_Recorded information_:
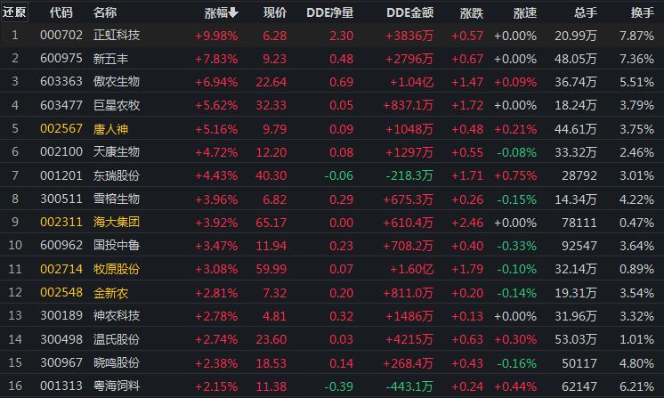 從申萬(wàn)一級(jí)行業(yè)來(lái)看,截至7月29日上午收盤(pán),農(nóng)林牧漁行業(yè)漲幅居首,達(dá)1.8%,其中,正虹科技漲停。
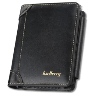 Portfel Męski skórzany na suwak czarny zatrzask pionowy ochrona kart modny
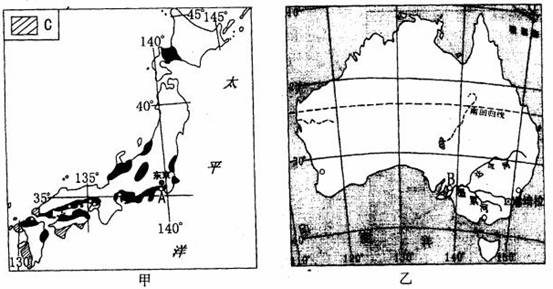 (1)、说出图中甲、乙两城市在地理位置上的共同点。(2分)

_How to complete this task_: Omit the pictures and output all of the other material exactly.

_Result_:
 從申萬(wàn)一級(jí)行業(yè)來(lái)看,截至7月29日上午收盤(pán),農(nóng)林牧漁行業(yè)漲幅居首,達(dá)1.8%,其中,正虹科技漲停。
 Portfel Męski skórzany na suwak czarny zatrzask pionowy ochrona kart modny
 (1)、说出图中甲、乙两城市在地理位置上的共同点。(2分)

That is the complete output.